As I understand it, time isn't supposed to elapse for anything moving at speed c, and therefore, in particular, for photons. However, light is also supposed to be an electromagnetic wave, i.e. essentially a wave of orthogonal magnetic and electric magnitudes moving at c in a vacuum. I'm not entirely sure how this is supposed to go, however. As I see it, a wave is a propagation of a quantity in a medium, but an electromagnetic wave is a propagation in spacetime, which is supposed to be nothing else but all events considered collectively. The only things which seem changing in the case of light are the magnetic and electric magnitudes at the location the wave is moving across. However, there seems to be two possible scenarios... One scenario, (A), is as follows. Let's assume that at a point x in space and just before the front of a light wave gets there at t0, the magnetic and electric magnitudes are zero or near zero. When the front of the wave gets to x, the magnetic and electric magnitudes will take one particular value each and those two values will no change as the wave moves across point x. I think that's called a stationary wave... In a second scenario, (B), the wave is moving as a block so that the values of the magnetic and electric magnitudes at a point x will keep changing according to which part of the wave is moving across this point. So, in the case of light propagating "freely" through space, in a vacuum, which of the scenarios A and B is the correct one? Or is it something else altogether? Thanks, EB
This is not quite right. Even in a standing wave, the amplitude of the oscillation (amplitude of the electric and magnetic field vectors in the case of EM radiation) changes with time. However in standing wave the wavecrests shrink and grow where they are in space and do not move forward. There is an animation here: https://en.wikipedia.org/wiki/Standing_wave#/media/File:Waventerference.gif The red line is the standing wave. It is the sum of two waves (green and blue), one moving from left to right and one from right to left. You see this effect in water, and it is what is responsible for the sound emitted by a musical instrument tuned to a certain pitch. It is also what one has inside a laser cavity. You get standing waves when a travelling wave is reflected back and forth between two reflective surfaces (the walls of a harbour, the ends of an organ pipe, the mirrors in a laser cavity, etc). The simpler case is a travelling wave, in which the wavecrests move. If light is propagating through space, (rather than being reflected back on itself in a laser), this is what happens. The wavecrests (i.e. the points of maximum electric and magnetic field amplitude) move at c, the speed of light in vacuo.

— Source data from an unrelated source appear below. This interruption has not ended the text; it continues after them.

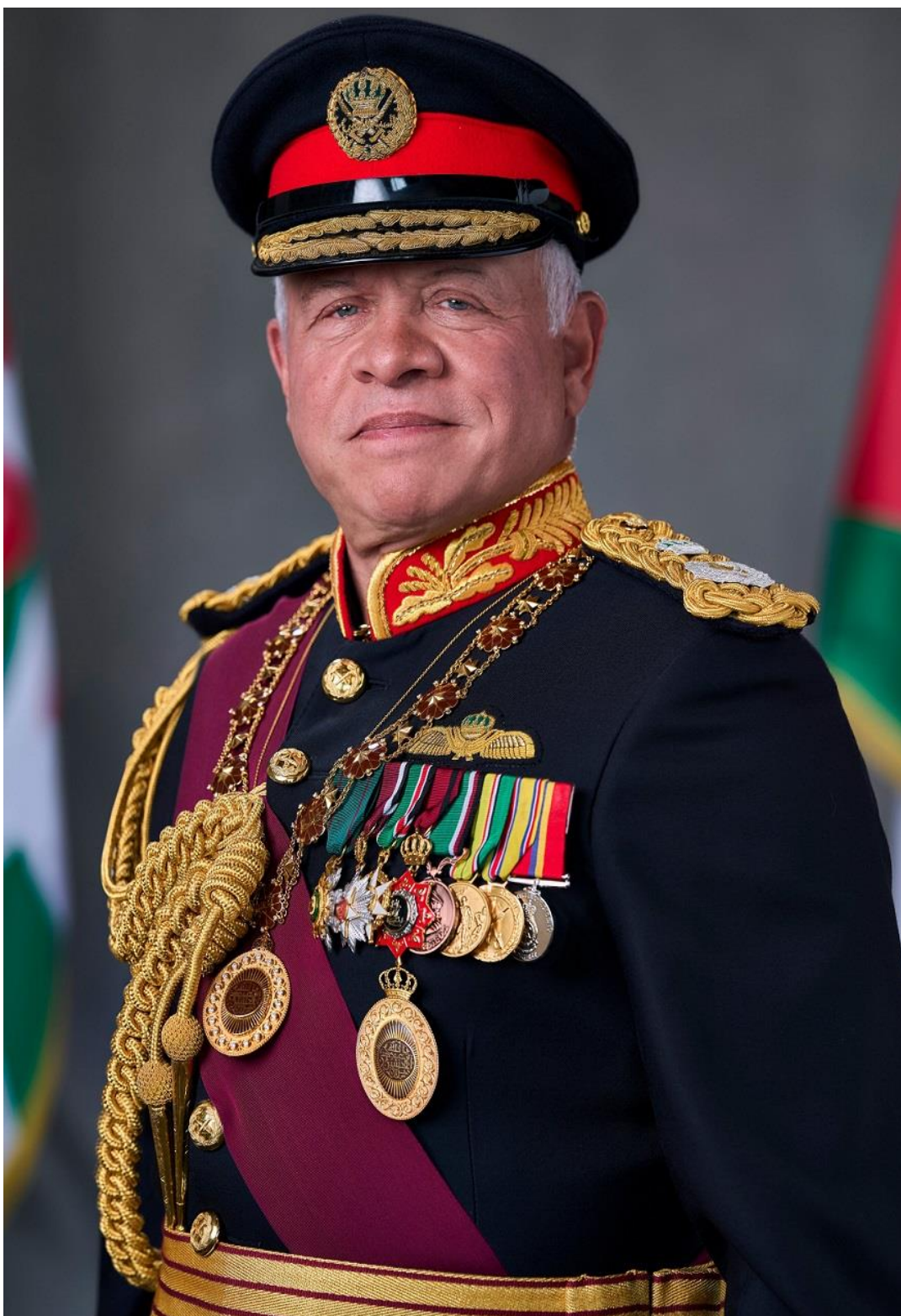
حضرة صاحب الجلالة الهاشمية الملك عبد الله الثاني بن الحسين المعظم
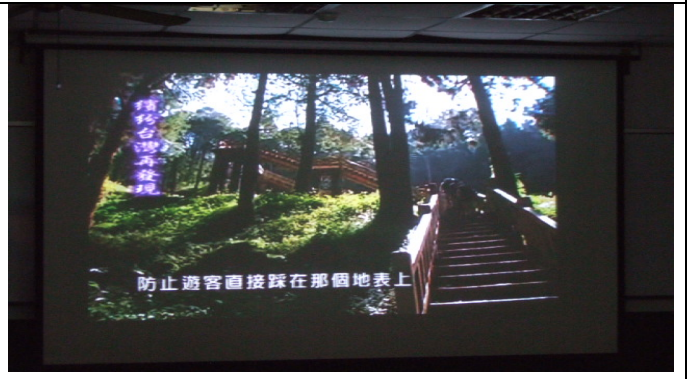
鋪設木棧道行走，防止遊客直接踩在地表上。
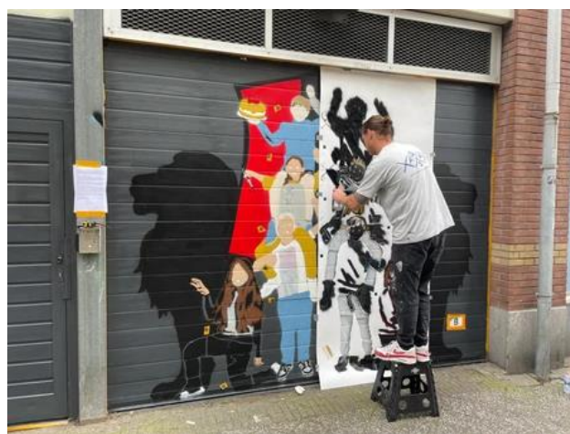
Muurschildering van Kinderwijkraad Staatsliedenbuurt geplaatst in Van Limburg Stirumstraat

Congratulation for your 7,777th post! Just for me! Thanks. Does this mean that if we imagine the front of the wave, the amplitude of the electric and magnetic field vectors remains constant there? In other word, the change in amplitude at a fixed point is entirely due to the wave moving? In still other words, in an inertial reference frame moving at c with the wave, the wave is static? EB
Technically, that's not possible: you can't have a frame moving at c; it's ill-defined. However, forgoing that technicality: yes. That is what it means for time not to pass: everything is stationary (or: static).